* [Task instructions]: Return exactly the lines of the data below, from the one that contains "A training course conducted by Avsec on Niue." through the final line, and leave out every picture.

* [Items from a dataset]:
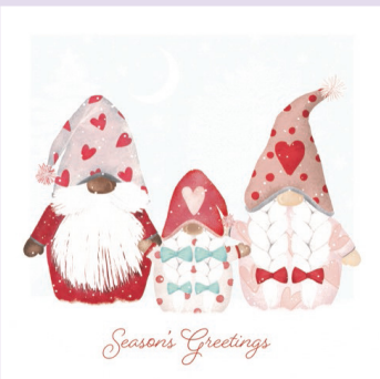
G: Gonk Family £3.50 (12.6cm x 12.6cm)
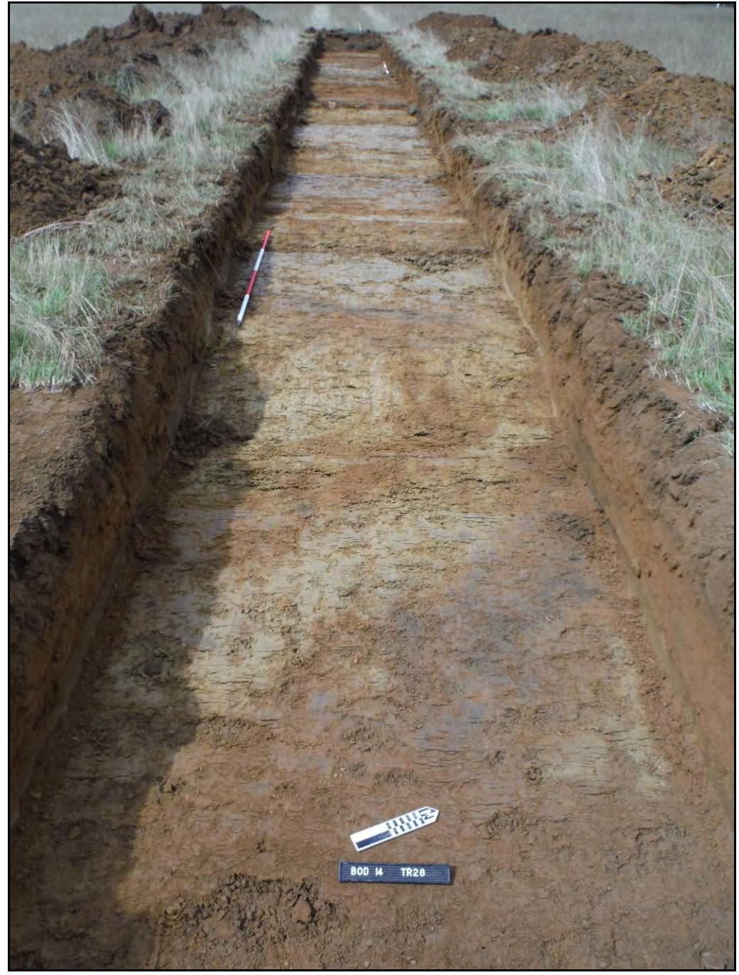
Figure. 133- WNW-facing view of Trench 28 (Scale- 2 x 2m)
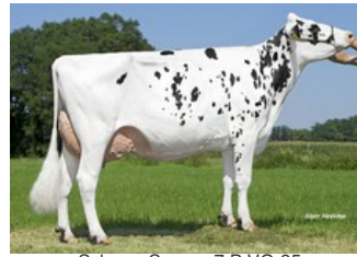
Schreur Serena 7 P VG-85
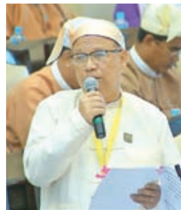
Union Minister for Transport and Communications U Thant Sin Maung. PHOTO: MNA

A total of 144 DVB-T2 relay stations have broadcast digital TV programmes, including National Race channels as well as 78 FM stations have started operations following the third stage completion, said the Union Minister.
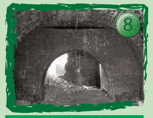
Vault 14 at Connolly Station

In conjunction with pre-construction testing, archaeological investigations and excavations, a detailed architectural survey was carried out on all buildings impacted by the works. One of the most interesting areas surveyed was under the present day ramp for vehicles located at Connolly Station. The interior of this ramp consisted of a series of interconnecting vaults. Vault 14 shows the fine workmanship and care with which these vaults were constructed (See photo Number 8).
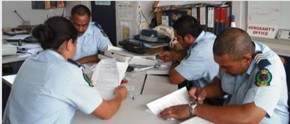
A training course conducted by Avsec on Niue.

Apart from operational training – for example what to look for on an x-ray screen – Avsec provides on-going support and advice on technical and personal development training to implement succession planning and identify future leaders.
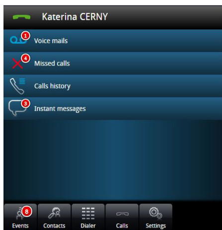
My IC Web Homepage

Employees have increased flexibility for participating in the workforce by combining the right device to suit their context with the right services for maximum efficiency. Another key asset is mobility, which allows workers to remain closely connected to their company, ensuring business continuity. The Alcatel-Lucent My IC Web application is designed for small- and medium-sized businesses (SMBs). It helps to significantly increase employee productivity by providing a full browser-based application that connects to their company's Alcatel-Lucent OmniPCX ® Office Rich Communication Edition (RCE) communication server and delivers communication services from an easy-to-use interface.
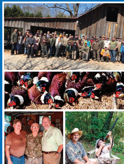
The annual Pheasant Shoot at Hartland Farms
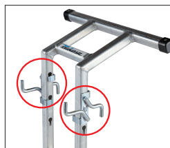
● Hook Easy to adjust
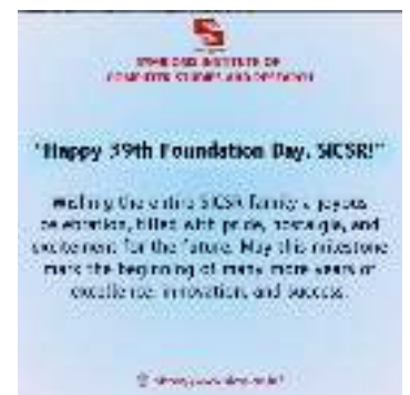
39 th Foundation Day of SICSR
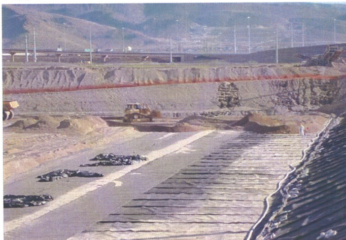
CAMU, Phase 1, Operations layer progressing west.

* [Written response]:
A training course conducted by Avsec on Niue.

Apart from operational training – for example what to look for on an x-ray screen – Avsec provides on-going support and advice on technical and personal development training to implement succession planning and identify future leaders.
My IC Web Homepage

Employees have increased flexibility for participating in the workforce by combining the right device to suit their context with the right services for maximum efficiency. Another key asset is mobility, which allows workers to remain closely connected to their company, ensuring business continuity. The Alcatel-Lucent My IC Web application is designed for small- and medium-sized businesses (SMBs). It helps to significantly increase employee productivity by providing a full browser-based application that connects to their company's Alcatel-Lucent OmniPCX ® Office Rich Communication Edition (RCE) communication server and delivers communication services from an easy-to-use interface.
The annual Pheasant Shoot at Hartland Farms
● Hook Easy to adjust
39 th Foundation Day of SICSR
CAMU, Phase 1, Operations layer progressing west.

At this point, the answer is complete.